Top of Supplied entries
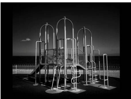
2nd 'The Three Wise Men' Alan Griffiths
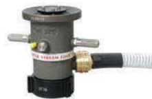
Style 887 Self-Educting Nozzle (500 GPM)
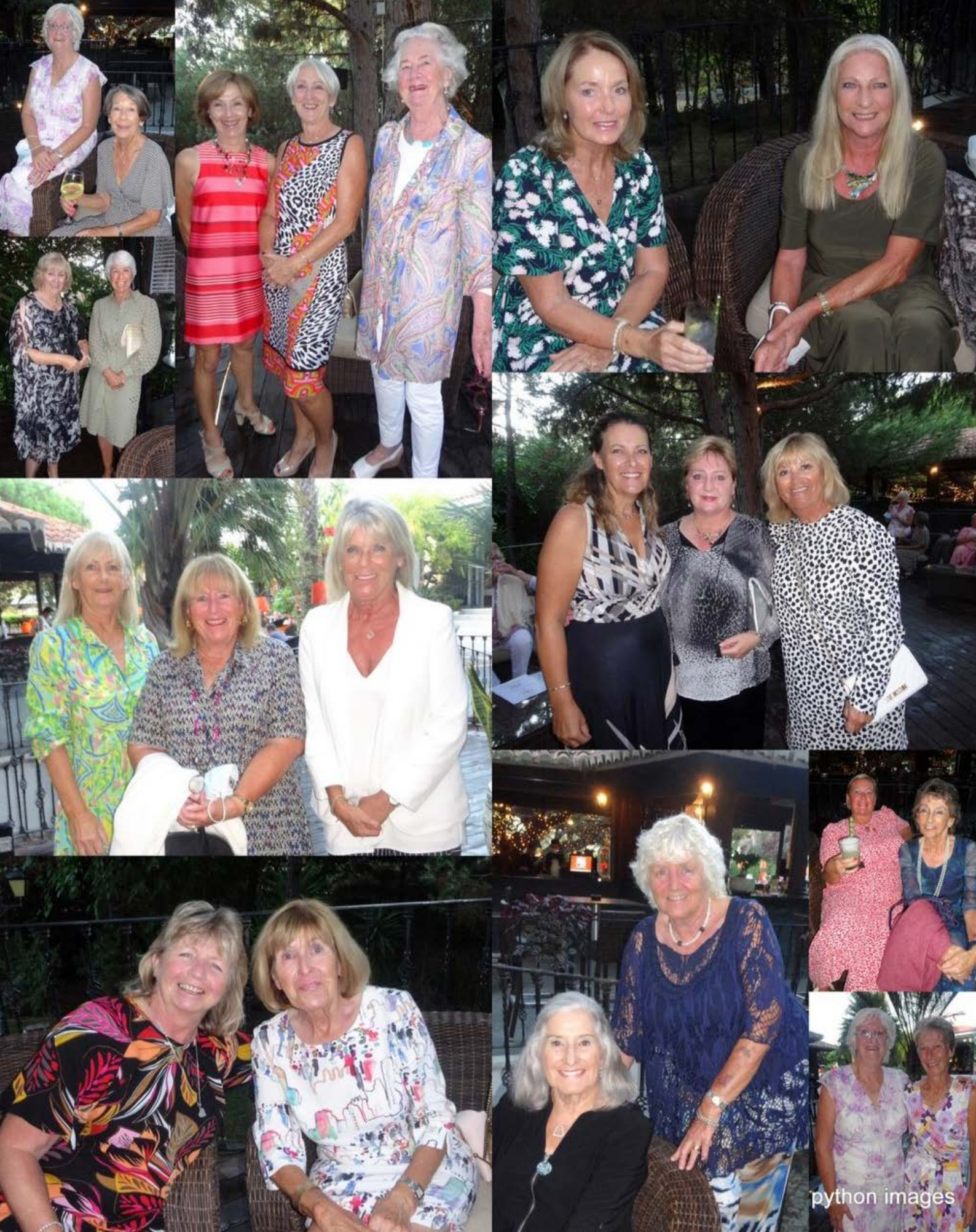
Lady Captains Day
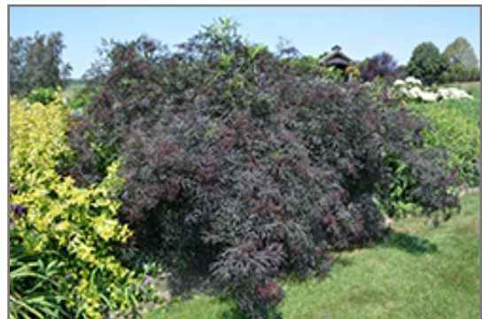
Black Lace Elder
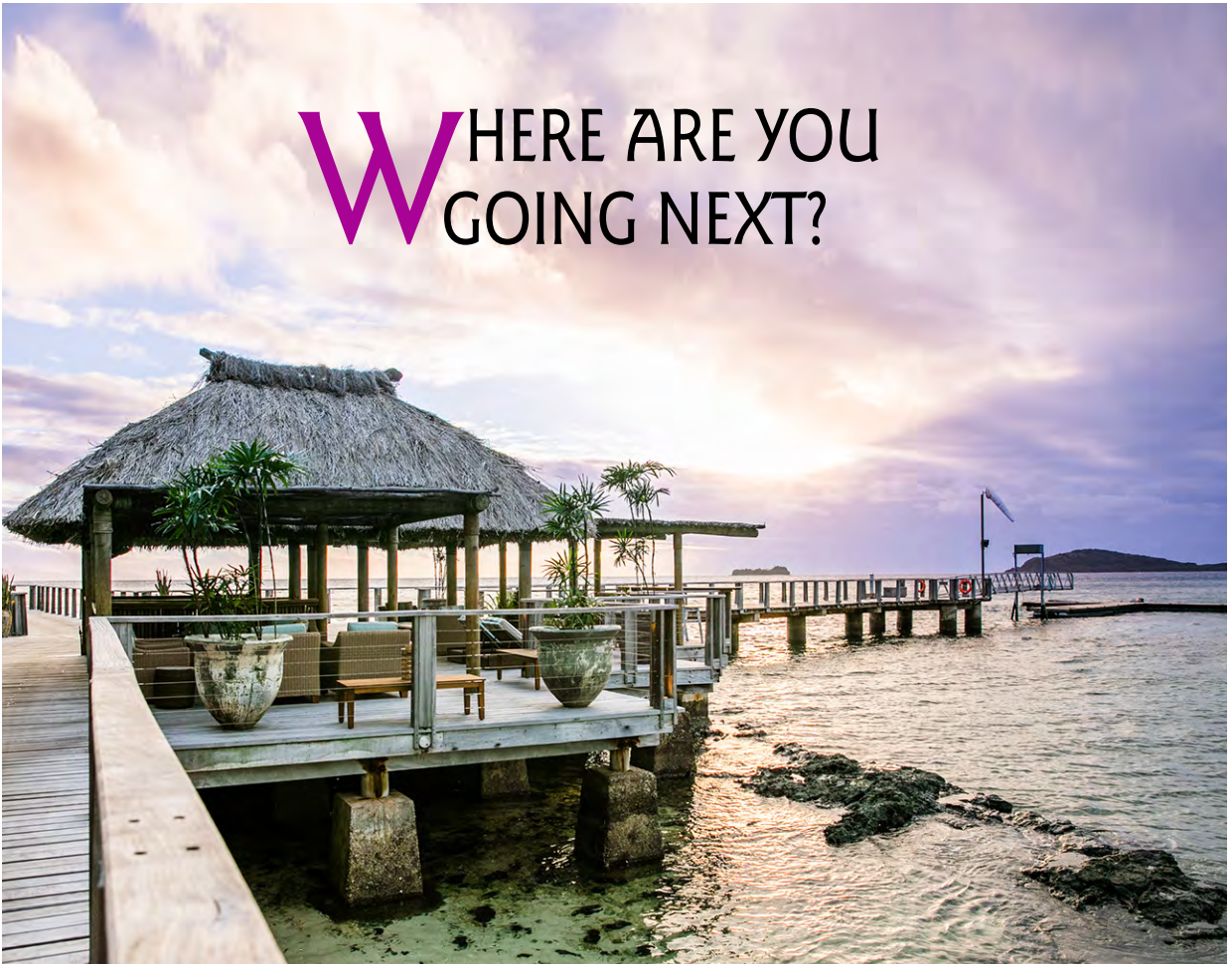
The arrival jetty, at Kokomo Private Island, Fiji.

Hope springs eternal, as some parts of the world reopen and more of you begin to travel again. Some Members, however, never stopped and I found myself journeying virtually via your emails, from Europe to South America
Bottom of Supplied entries
Top of Supplied entries
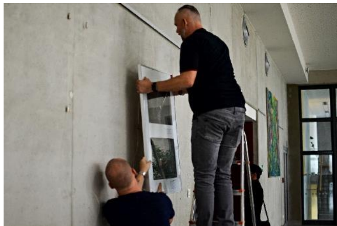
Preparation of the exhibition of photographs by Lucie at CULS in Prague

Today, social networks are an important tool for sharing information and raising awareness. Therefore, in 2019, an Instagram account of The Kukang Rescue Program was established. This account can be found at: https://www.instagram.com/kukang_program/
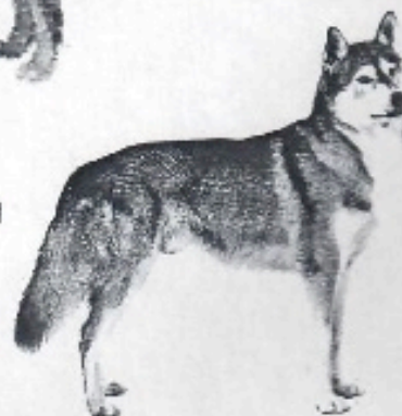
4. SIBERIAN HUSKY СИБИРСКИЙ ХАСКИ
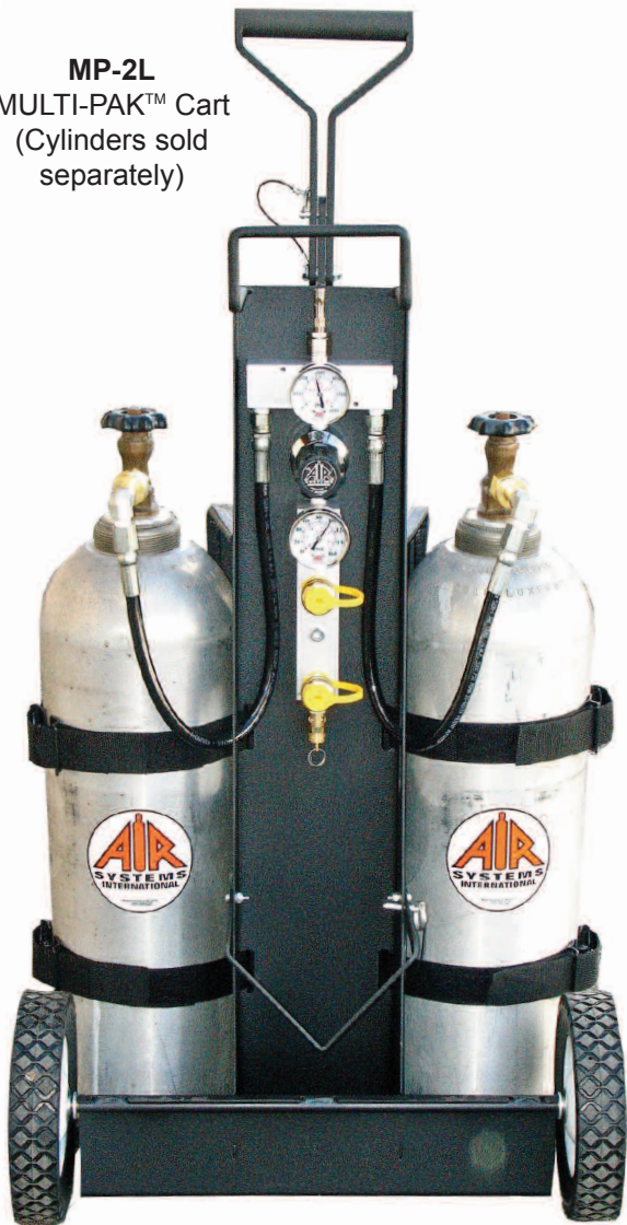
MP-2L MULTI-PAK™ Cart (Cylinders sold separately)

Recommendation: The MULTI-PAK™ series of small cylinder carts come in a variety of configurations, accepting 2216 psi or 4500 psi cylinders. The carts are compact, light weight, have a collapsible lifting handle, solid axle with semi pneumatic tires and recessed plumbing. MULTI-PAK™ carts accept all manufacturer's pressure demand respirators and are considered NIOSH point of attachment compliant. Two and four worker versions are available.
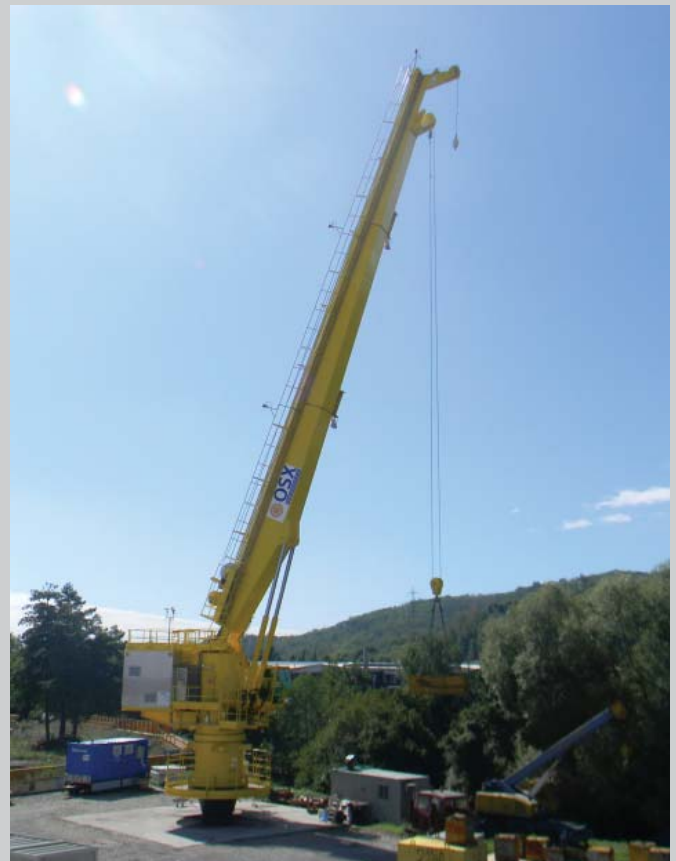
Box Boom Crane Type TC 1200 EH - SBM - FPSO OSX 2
Bottom of Supplied entries
◆ **Task description**
Could you repeat, exactly, only the lines above starting at the one that has "Recommendation: The MULTI-PAK™" and stopping after the one that has "Box Boom Crane", without the pictures?

◆ **Answer for the task**
Recommendation: The MULTI-PAK™ series of small cylinder carts come in a variety of configurations, accepting 2216 psi or 4500 psi cylinders. The carts are compact, light weight, have a collapsible lifting handle, solid axle with semi pneumatic tires and recessed plumbing. MULTI-PAK™ carts accept all manufacturer's pressure demand respirators and are considered NIOSH point of attachment compliant. Two and four worker versions are available.
Box Boom Crane Type TC 1200 EH - SBM - FPSO OSX 2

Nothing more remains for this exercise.